TASK TO CARRY OUT: Pictures do not belong in the output. Reproduce exactly the lines from the start of the records through the line with "- Wang, Q.Y.;".

THE RECORDS:
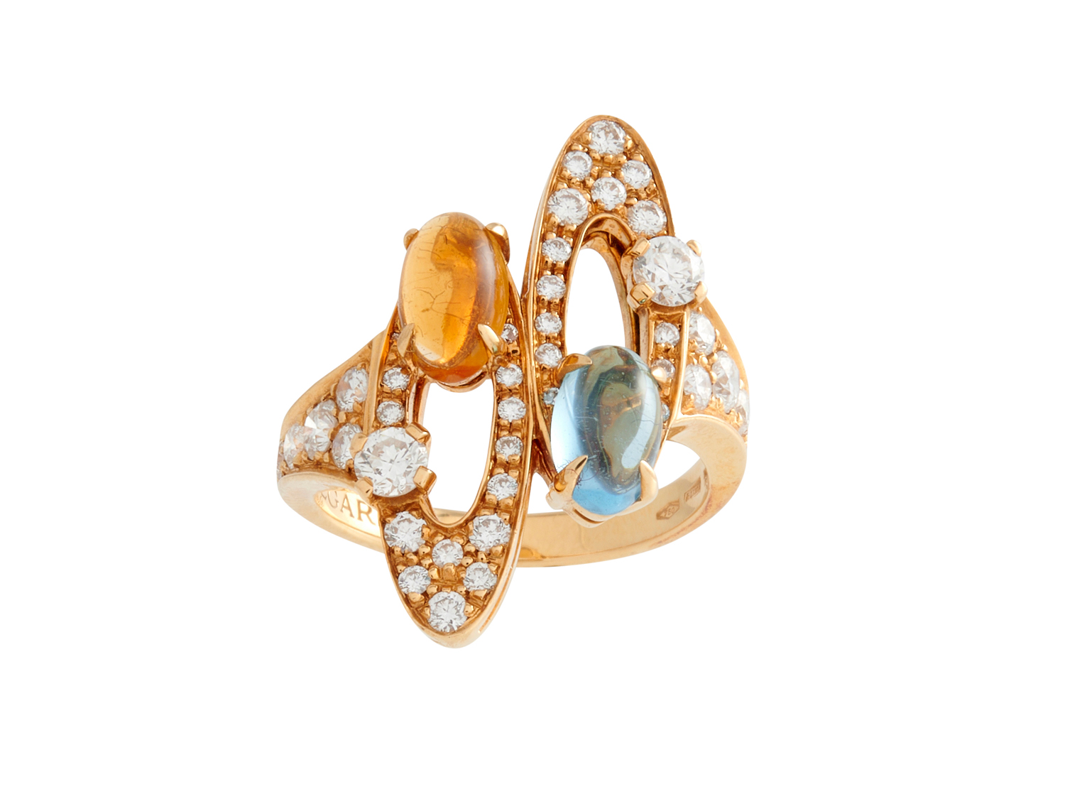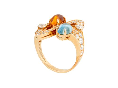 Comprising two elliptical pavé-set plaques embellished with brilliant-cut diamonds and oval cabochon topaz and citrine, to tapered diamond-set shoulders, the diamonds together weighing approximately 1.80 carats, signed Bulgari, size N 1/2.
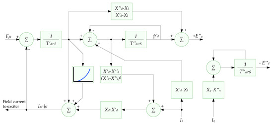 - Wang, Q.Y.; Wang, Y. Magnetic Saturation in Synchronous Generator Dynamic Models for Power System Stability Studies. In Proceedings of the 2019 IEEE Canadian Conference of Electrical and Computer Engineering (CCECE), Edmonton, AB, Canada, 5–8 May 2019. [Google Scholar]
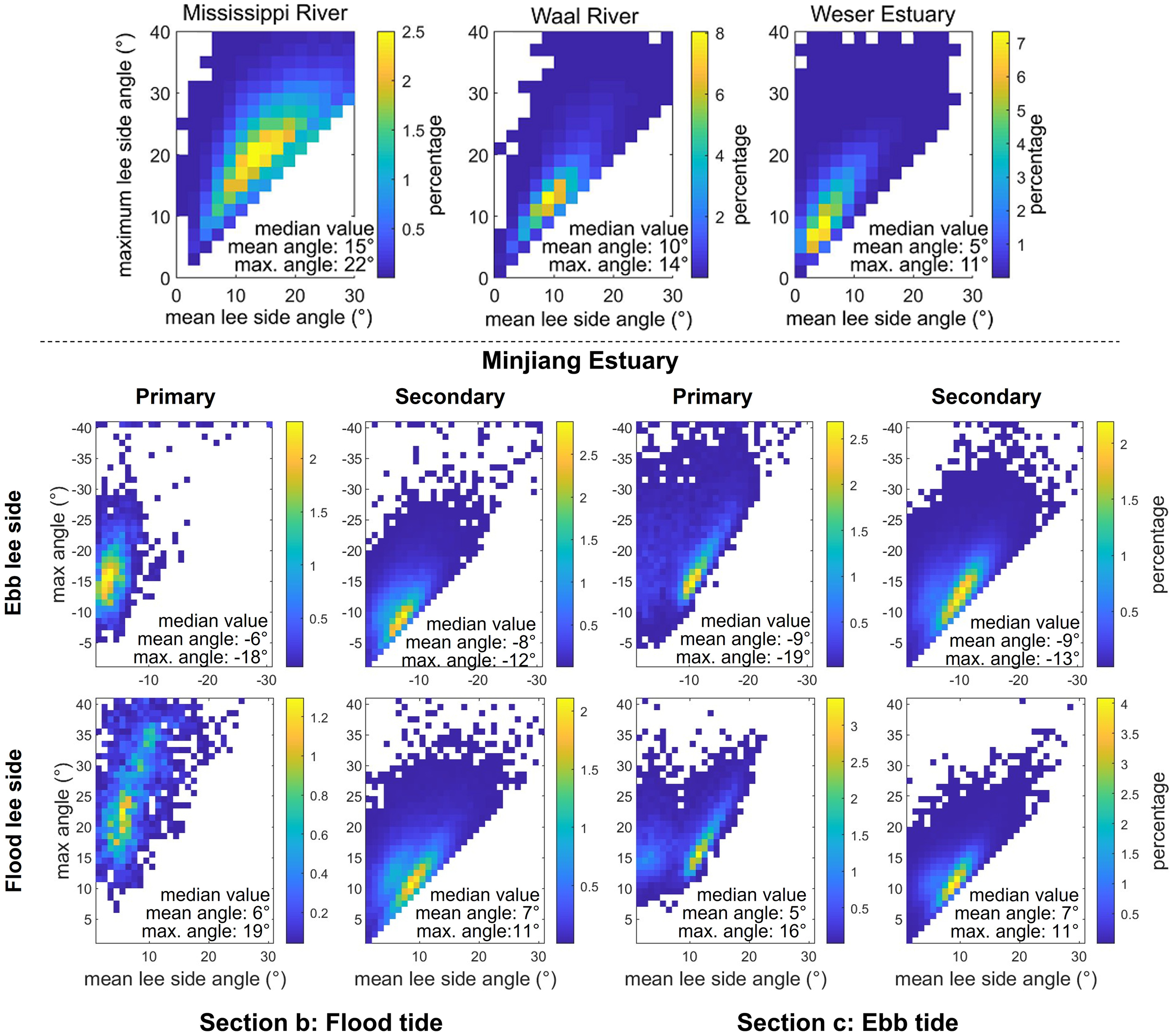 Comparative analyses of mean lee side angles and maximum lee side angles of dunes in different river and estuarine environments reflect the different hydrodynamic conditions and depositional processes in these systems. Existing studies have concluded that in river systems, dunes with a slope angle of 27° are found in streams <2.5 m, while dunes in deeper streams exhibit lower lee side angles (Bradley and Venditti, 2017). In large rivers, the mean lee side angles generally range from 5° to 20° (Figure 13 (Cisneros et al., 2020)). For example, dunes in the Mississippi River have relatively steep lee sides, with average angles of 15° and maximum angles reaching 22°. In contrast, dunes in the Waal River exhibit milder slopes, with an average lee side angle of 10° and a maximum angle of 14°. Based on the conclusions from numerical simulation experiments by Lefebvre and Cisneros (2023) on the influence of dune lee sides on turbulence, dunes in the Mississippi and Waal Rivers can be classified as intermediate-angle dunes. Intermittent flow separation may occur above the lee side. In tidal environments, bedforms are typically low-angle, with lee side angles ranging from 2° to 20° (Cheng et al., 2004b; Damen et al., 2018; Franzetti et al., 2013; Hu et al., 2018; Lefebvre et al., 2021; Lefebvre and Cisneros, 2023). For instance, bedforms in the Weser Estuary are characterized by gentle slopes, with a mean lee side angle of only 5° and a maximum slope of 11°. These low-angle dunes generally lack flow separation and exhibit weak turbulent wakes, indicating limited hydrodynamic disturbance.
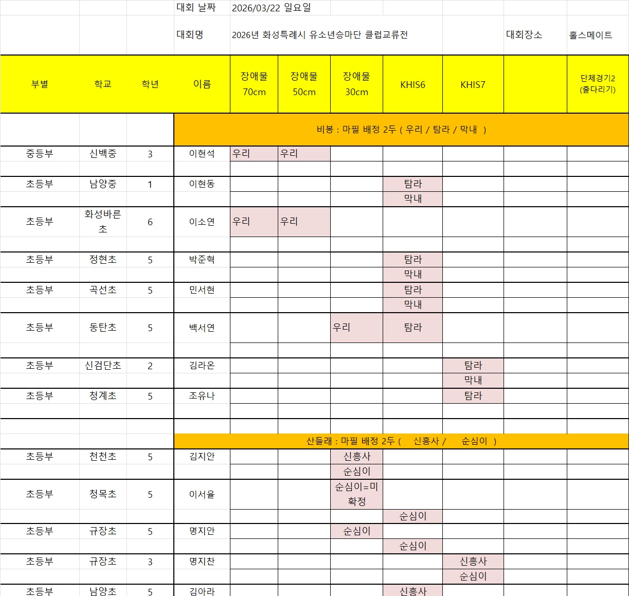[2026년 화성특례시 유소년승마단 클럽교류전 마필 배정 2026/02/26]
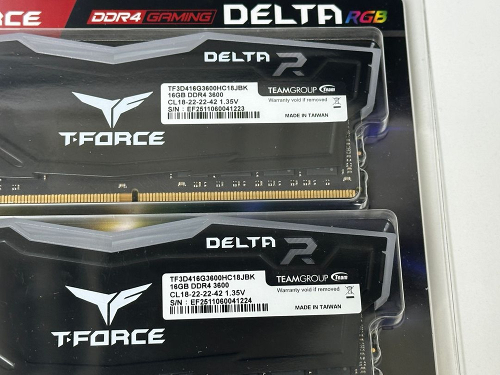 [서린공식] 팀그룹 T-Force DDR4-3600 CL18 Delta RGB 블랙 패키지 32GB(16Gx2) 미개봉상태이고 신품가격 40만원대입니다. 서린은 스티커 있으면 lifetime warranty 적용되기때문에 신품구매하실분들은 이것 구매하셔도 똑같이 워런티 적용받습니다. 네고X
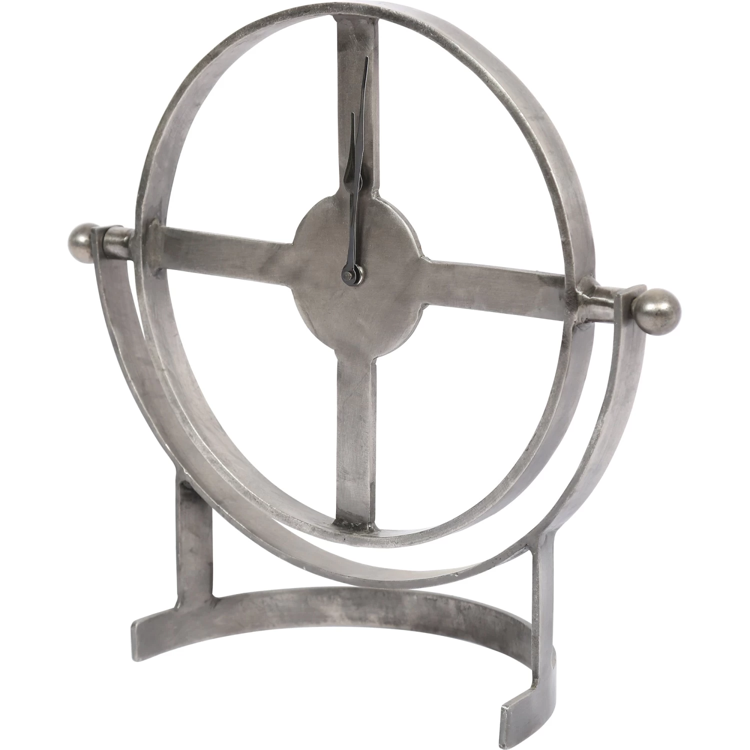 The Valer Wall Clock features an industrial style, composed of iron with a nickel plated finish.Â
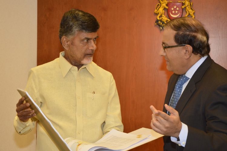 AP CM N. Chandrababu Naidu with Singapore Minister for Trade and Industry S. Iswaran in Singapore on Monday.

RESULT:
 Comprising two elliptical pavé-set plaques embellished with brilliant-cut diamonds and oval cabochon topaz and citrine, to tapered diamond-set shoulders, the diamonds together weighing approximately 1.80 carats, signed Bulgari, size N 1/2.
 - Wang, Q.Y.; Wang, Y. Magnetic Saturation in Synchronous Generator Dynamic Models for Power System Stability Studies. In Proceedings of the 2019 IEEE Canadian Conference of Electrical and Computer Engineering (CCECE), Edmonton, AB, Canada, 5–8 May 2019. [Google Scholar]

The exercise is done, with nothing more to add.